### WHAT IS EXPECTED
Copy word for word the lines of the records below, beginning at the one with "Prov. | Comu. |" and finishing at the one with "17.02.2022Меню на 17 февраль 2022года |", ends included, but none of the pictures.

### RECORDS SUPPLIED
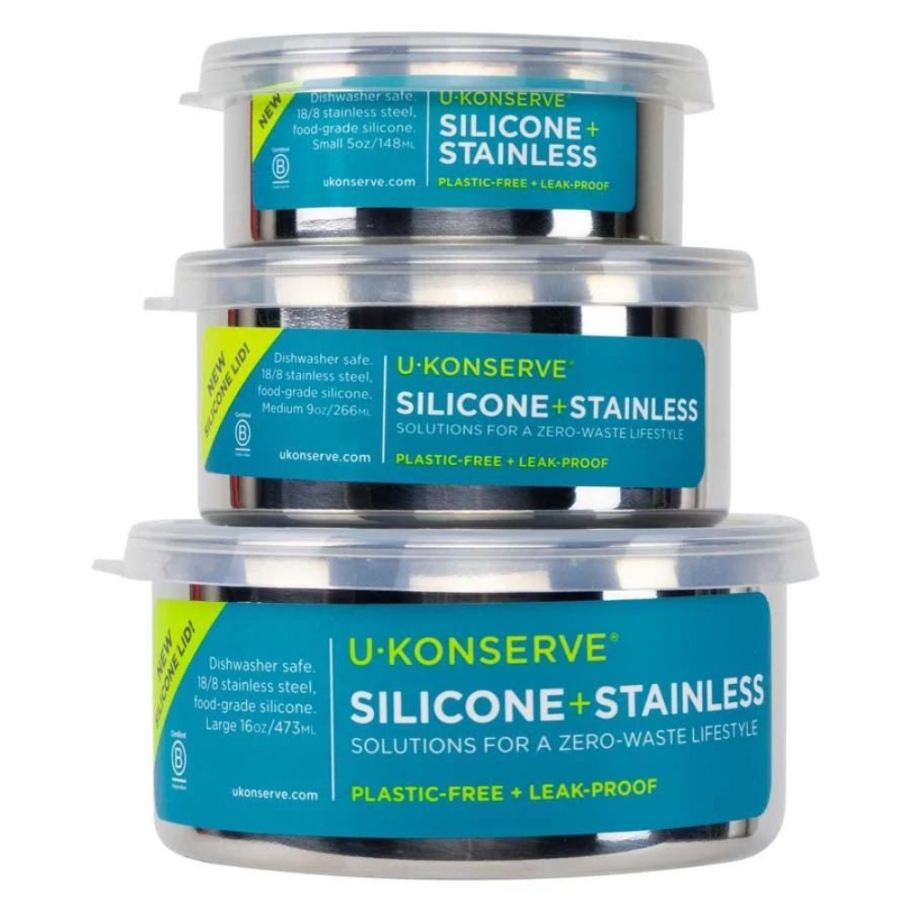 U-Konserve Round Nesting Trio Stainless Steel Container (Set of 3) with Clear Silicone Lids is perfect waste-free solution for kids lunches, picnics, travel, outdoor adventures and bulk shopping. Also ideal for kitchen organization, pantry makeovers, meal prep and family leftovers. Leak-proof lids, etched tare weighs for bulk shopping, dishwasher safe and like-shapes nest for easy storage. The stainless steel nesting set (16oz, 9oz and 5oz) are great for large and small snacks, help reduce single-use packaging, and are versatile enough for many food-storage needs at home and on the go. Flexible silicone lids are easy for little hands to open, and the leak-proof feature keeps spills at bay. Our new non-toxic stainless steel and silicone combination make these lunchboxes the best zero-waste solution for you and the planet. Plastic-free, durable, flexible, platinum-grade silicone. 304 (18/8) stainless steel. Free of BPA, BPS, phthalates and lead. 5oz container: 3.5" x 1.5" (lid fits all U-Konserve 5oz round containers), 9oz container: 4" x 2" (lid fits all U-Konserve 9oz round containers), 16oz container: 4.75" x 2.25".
* * *
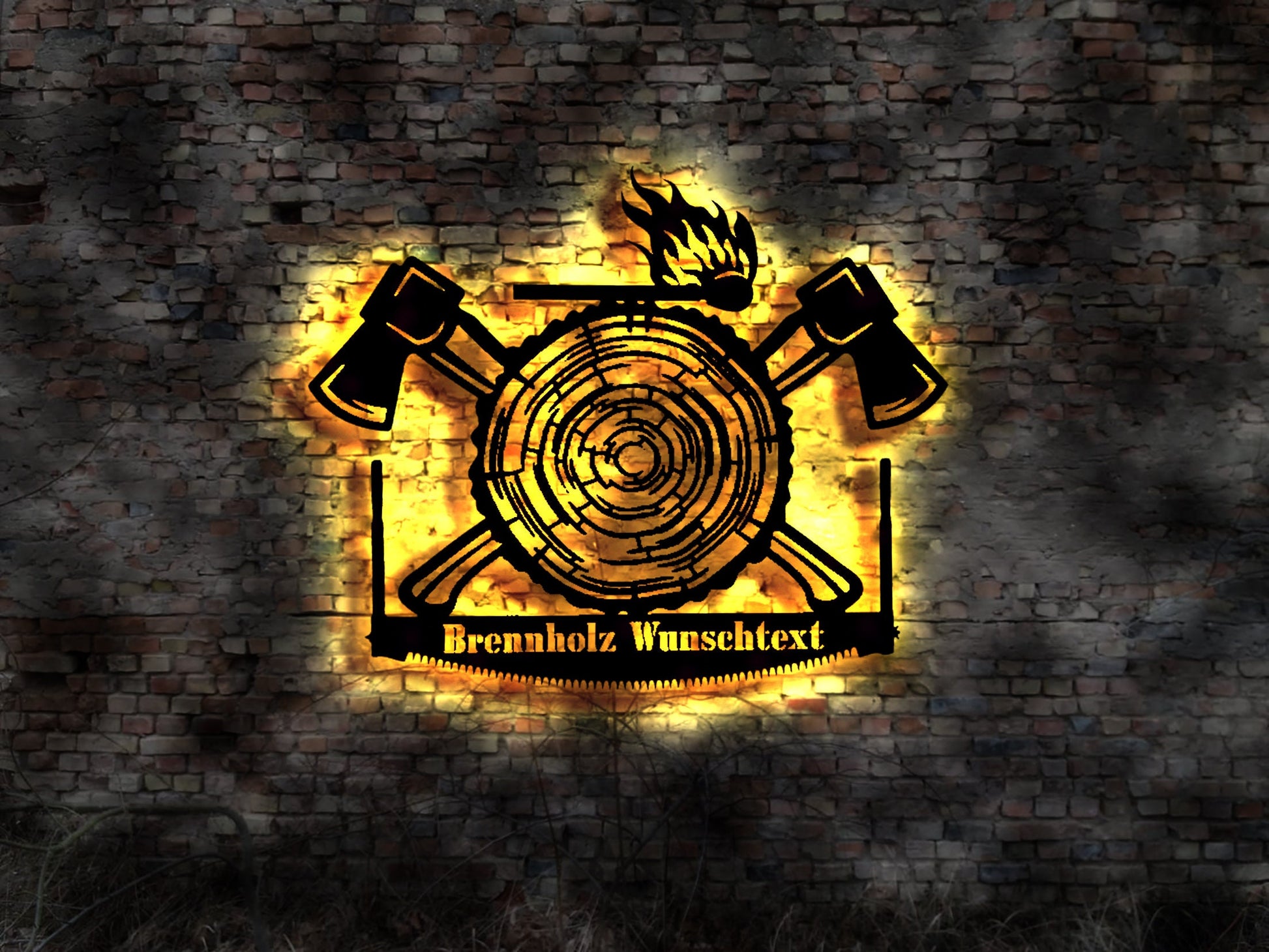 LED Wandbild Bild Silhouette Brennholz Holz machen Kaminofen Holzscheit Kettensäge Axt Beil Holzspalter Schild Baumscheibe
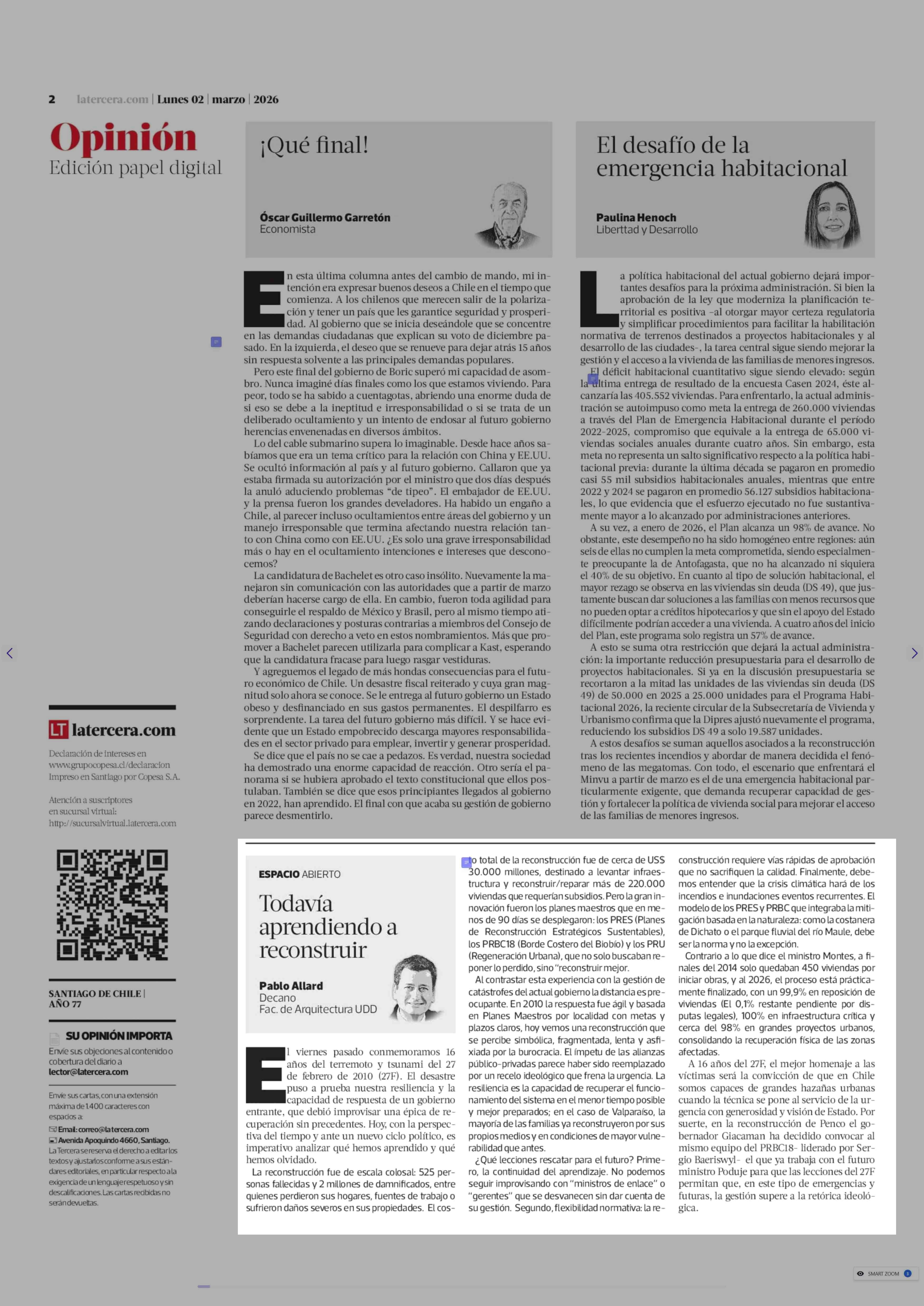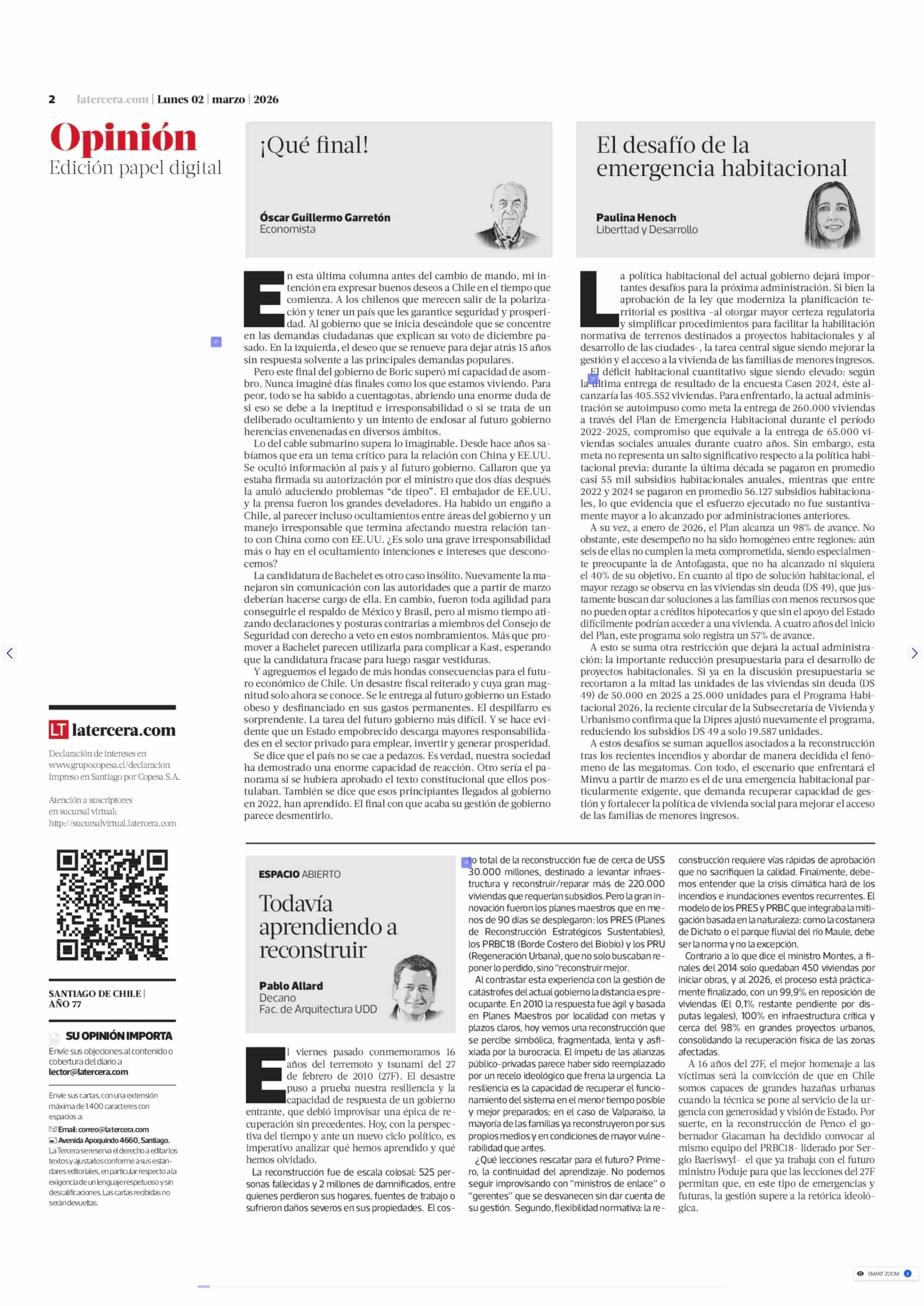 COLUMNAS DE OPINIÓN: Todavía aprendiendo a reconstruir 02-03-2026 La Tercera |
==
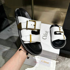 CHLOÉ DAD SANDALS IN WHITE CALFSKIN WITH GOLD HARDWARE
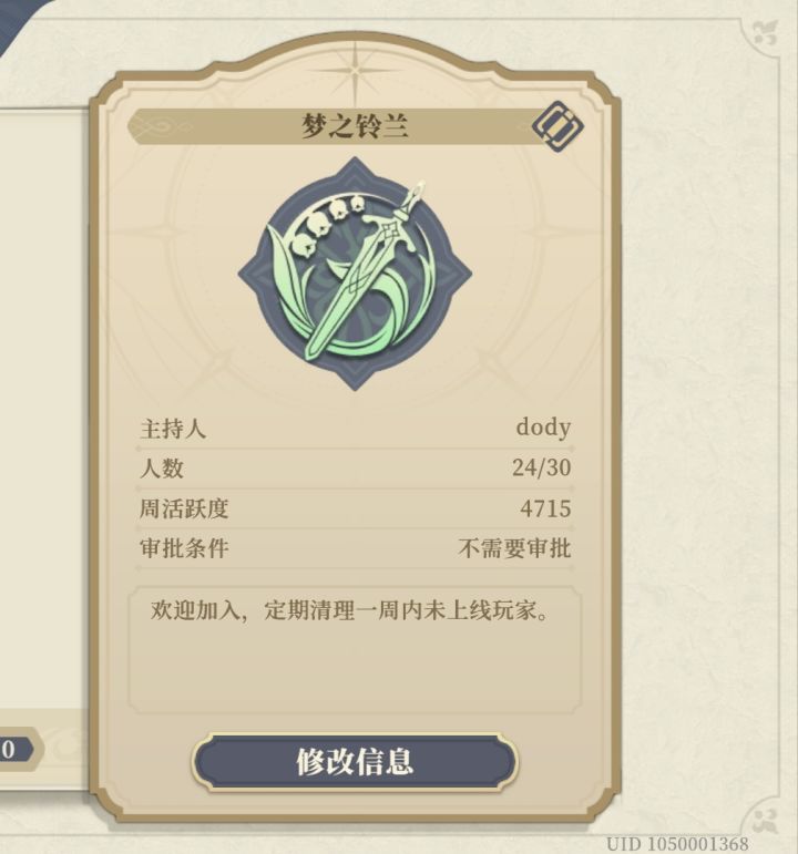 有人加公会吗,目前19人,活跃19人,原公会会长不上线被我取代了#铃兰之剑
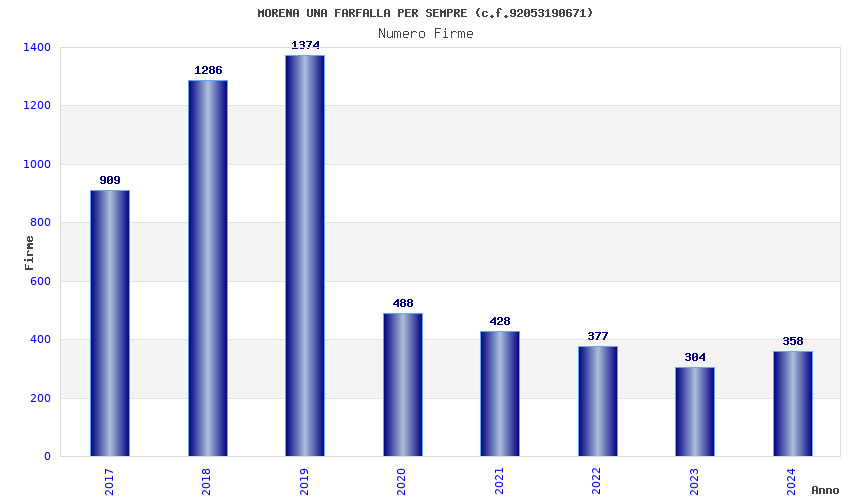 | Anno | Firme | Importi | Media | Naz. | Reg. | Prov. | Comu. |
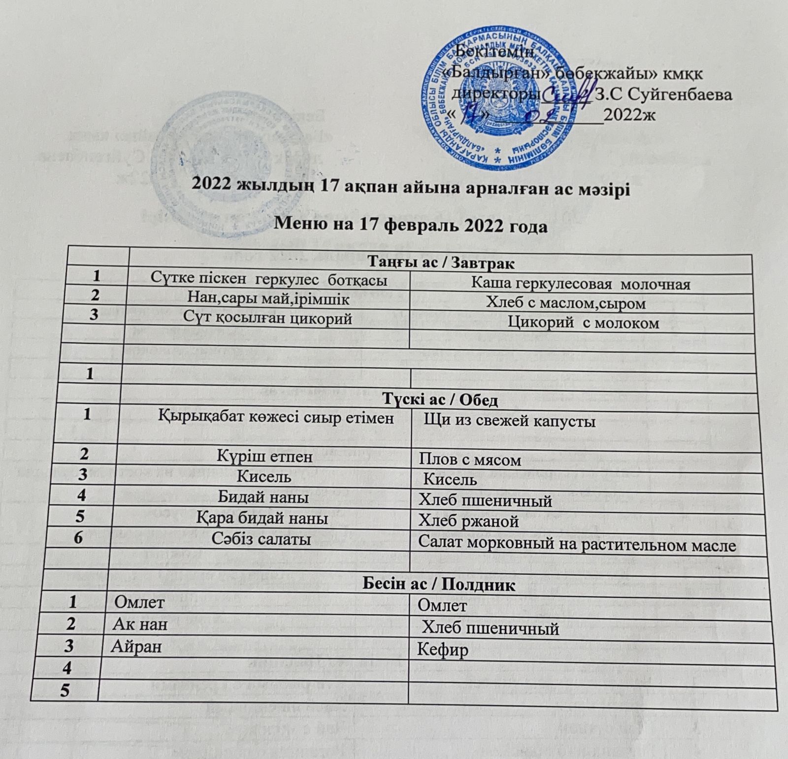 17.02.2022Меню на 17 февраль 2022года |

### OUTPUT
 | Anno | Firme | Importi | Media | Naz. | Reg. | Prov. | Comu. |
 17.02.2022Меню на 17 февраль 2022года |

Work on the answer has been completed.